● **Task description**
Take the entries below and print only the lines from the one with "These Crispy Spring" through the one with "但是在上证路演中心的投资者交", exactly as they stand, both ends included.

□ □ □

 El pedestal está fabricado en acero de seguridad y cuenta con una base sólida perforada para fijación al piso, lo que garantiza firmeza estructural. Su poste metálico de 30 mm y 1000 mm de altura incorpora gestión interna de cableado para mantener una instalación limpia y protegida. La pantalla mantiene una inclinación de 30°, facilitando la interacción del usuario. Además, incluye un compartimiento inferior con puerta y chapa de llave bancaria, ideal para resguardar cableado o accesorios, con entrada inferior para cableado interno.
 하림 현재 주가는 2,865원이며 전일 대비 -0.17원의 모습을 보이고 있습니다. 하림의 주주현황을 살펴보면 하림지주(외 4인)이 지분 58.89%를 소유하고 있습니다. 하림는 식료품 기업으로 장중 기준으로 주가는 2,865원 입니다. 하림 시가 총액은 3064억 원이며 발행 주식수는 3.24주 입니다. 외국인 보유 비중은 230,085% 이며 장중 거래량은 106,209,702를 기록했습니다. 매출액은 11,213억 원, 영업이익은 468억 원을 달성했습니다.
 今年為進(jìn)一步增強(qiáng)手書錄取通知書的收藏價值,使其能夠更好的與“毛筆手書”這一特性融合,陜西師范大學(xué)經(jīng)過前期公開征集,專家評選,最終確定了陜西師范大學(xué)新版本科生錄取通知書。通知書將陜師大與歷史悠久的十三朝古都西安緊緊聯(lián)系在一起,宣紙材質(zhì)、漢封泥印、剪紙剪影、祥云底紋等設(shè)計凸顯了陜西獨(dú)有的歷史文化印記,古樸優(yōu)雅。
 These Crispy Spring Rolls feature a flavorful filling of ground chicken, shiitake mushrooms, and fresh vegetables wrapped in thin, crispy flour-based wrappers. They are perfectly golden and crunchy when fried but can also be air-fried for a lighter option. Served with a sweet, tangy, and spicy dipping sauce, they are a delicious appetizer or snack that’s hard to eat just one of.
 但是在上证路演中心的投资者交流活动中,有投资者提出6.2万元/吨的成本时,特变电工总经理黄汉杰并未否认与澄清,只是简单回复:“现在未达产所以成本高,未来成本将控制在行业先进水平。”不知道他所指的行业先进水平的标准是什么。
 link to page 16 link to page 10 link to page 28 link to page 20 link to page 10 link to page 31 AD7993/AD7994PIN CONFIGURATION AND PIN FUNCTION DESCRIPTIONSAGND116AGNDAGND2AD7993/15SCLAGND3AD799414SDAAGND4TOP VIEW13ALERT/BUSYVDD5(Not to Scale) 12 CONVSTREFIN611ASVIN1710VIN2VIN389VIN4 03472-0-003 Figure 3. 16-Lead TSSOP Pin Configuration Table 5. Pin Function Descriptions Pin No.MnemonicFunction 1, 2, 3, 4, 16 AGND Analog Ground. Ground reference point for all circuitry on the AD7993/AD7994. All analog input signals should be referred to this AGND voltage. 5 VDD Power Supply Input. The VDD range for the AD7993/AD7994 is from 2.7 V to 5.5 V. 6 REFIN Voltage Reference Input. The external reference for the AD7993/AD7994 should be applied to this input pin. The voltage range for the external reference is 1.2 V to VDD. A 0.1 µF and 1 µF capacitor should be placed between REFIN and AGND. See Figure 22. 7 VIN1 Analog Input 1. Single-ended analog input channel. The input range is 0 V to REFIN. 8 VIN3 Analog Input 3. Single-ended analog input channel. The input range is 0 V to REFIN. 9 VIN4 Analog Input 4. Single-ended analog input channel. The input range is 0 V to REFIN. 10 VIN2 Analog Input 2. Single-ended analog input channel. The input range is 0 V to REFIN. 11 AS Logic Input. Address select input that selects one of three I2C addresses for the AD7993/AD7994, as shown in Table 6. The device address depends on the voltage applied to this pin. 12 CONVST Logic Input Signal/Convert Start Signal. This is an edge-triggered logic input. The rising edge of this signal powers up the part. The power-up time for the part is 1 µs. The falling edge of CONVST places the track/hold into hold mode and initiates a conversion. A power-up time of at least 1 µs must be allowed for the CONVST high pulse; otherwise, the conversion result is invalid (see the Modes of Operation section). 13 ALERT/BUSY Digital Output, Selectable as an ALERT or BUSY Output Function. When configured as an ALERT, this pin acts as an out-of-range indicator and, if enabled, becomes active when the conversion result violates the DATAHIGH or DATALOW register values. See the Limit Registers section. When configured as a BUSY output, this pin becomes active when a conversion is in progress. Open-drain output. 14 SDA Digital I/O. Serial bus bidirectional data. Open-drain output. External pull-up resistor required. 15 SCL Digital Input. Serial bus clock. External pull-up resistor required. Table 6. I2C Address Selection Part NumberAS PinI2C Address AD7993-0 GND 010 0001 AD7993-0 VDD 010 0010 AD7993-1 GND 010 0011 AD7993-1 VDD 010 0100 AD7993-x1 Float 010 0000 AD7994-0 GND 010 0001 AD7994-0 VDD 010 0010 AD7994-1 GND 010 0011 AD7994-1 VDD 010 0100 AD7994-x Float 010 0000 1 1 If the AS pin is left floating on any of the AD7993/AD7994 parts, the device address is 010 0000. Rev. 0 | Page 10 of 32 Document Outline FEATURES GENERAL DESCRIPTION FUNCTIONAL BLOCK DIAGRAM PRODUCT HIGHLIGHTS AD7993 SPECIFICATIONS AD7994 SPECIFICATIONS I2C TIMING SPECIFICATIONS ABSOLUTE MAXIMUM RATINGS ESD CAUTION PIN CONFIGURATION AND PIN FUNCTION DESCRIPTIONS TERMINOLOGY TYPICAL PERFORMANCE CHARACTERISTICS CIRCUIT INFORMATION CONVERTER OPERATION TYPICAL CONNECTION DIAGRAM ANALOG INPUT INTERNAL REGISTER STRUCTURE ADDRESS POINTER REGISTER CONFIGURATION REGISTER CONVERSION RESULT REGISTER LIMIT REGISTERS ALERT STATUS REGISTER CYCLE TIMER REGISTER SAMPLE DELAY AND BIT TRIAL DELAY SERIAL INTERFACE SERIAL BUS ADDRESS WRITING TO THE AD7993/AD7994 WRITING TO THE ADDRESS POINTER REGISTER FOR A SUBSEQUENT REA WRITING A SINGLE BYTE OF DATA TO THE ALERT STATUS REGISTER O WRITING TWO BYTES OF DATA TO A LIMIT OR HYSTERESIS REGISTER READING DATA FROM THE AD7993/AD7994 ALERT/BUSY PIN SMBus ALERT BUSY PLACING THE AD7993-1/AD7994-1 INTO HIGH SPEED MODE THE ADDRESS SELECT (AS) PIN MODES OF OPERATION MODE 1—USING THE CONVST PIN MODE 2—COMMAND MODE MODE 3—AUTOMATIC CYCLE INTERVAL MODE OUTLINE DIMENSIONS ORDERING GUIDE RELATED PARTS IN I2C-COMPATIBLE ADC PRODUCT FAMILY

□ □ □

● **Finished exercise**
 These Crispy Spring Rolls feature a flavorful filling of ground chicken, shiitake mushrooms, and fresh vegetables wrapped in thin, crispy flour-based wrappers. They are perfectly golden and crunchy when fried but can also be air-fried for a lighter option. Served with a sweet, tangy, and spicy dipping sauce, they are a delicious appetizer or snack that’s hard to eat just one of.
 但是在上证路演中心的投资者交流活动中,有投资者提出6.2万元/吨的成本时,特变电工总经理黄汉杰并未否认与澄清,只是简单回复:“现在未达产所以成本高,未来成本将控制在行业先进水平。”不知道他所指的行业先进水平的标准是什么。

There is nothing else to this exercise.